**YOUR ASSIGNMENT:**
The full listing, returned exactly and free of pictures, is the expected answer.

**DATA TO EXAMINE:**
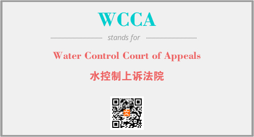 英文缩略词“WCCA”经常作为“Water Control Court of Appeals”的英文缩写来使用,中文表示:“水控制上诉法院”。本文将详细介绍英文缩写词WCCA所代表英文单词,其对应的中文拼音、详细解释以及在英语中的流行度。此外,还有关于缩略词WCCA的分类、应用领域及相关应用示例等。
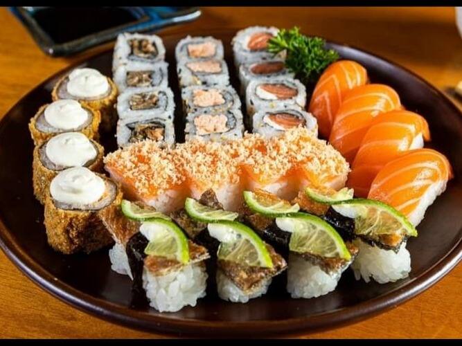 40 pecas / 5 urmaki de salmão cru , 5 uramaki salmão grelhado , 5 hossomaki de salmão ,5 hossomaki de kani ,5 dyo, 5 nigui , 10 unidades de hot holl
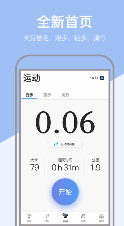 运动健康计步器支持骑行、跑步、慢走等多种运动。在首页上,您可以直观地看到徒步、跑步、骑行等选项,根据自己的需求开始记录跑步或骑行的公里数、活跃时间和消耗的卡路里。不仅如此,即使对运动没有经验的人,运动健康计步器也提供了专业的运动攻略,帮助用户更好地理解跑步对身体和身材的益处。
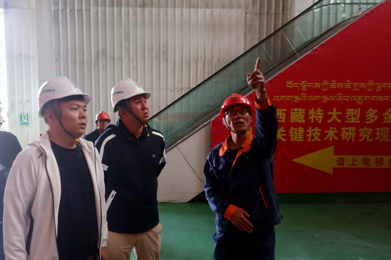 許總一行,首先在華泰龍公司工程技術(shù)人員的陪同下來到選礦廠。繞過彎彎曲曲的山路,從綠意盎然的山腳到白雪皚皚的山頂,這座日處理礦量40000噸的選礦廠在海拔5300米的礦業(yè)工地顯得格外令人矚目。許總在參觀考察該選廠各工段工藝流程、設(shè)備運轉(zhuǎn)實況的同時,也與選廠技術(shù)工作人員進行了深入的交流探討,聽完對方的介紹,許總高度贊揚了這座高原選廠在華泰龍員工手中所創(chuàng)造的生產(chǎn)奇跡,此次交流也為開元礦業(yè)集團礦山板塊下一步的探、采、選業(yè)務(wù)發(fā)展獲取了科學(xué)先進的建設(shè)經(jīng)驗。
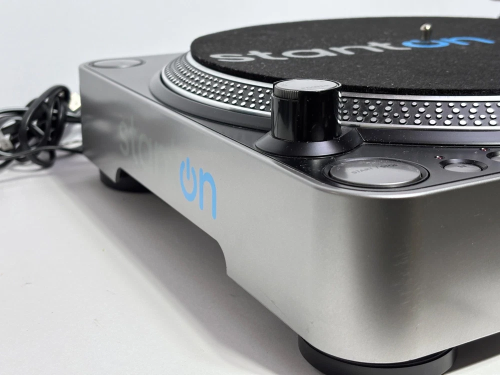 The Stanton T.55 USB Belt Drive DJ Turntable is a high-quality home turntable designed for enthusiasts of vinyl records. Its USB connectivity allows for easy conversion of vinyl records to digital format, making it a convenient option for anyone looking to preserve their music collection or share their favorite songs online. With the reputable Stanton brand behind it, this turntable is sure to deliver exceptional sound quality and performance for all your DJing and music listening needs. Very Good overall condition works well, new needle installed, Comes with power cable, USB Cable & RCA Cable. See video of it in Action!
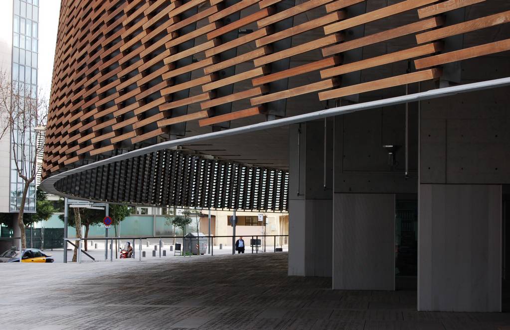 The whole exterior of the building is made up by slats of wood.

**SOLUTION TO THIS PROBLEM:**
 英文缩略词“WCCA”经常作为“Water Control Court of Appeals”的英文缩写来使用,中文表示:“水控制上诉法院”。本文将详细介绍英文缩写词WCCA所代表英文单词,其对应的中文拼音、详细解释以及在英语中的流行度。此外,还有关于缩略词WCCA的分类、应用领域及相关应用示例等。
 40 pecas / 5 urmaki de salmão cru , 5 uramaki salmão grelhado , 5 hossomaki de salmão ,5 hossomaki de kani ,5 dyo, 5 nigui , 10 unidades de hot holl
 运动健康计步器支持骑行、跑步、慢走等多种运动。在首页上,您可以直观地看到徒步、跑步、骑行等选项,根据自己的需求开始记录跑步或骑行的公里数、活跃时间和消耗的卡路里。不仅如此,即使对运动没有经验的人,运动健康计步器也提供了专业的运动攻略,帮助用户更好地理解跑步对身体和身材的益处。
 許總一行,首先在華泰龍公司工程技術(shù)人員的陪同下來到選礦廠。繞過彎彎曲曲的山路,從綠意盎然的山腳到白雪皚皚的山頂,這座日處理礦量40000噸的選礦廠在海拔5300米的礦業(yè)工地顯得格外令人矚目。許總在參觀考察該選廠各工段工藝流程、設(shè)備運轉(zhuǎn)實況的同時,也與選廠技術(shù)工作人員進行了深入的交流探討,聽完對方的介紹,許總高度贊揚了這座高原選廠在華泰龍員工手中所創(chuàng)造的生產(chǎn)奇跡,此次交流也為開元礦業(yè)集團礦山板塊下一步的探、采、選業(yè)務(wù)發(fā)展獲取了科學(xué)先進的建設(shè)經(jīng)驗。
 The Stanton T.55 USB Belt Drive DJ Turntable is a high-quality home turntable designed for enthusiasts of vinyl records. Its USB connectivity allows for easy conversion of vinyl records to digital format, making it a convenient option for anyone looking to preserve their music collection or share their favorite songs online. With the reputable Stanton brand behind it, this turntable is sure to deliver exceptional sound quality and performance for all your DJing and music listening needs. Very Good overall condition works well, new needle installed, Comes with power cable, USB Cable & RCA Cable. See video of it in Action!
 The whole exterior of the building is made up by slats of wood.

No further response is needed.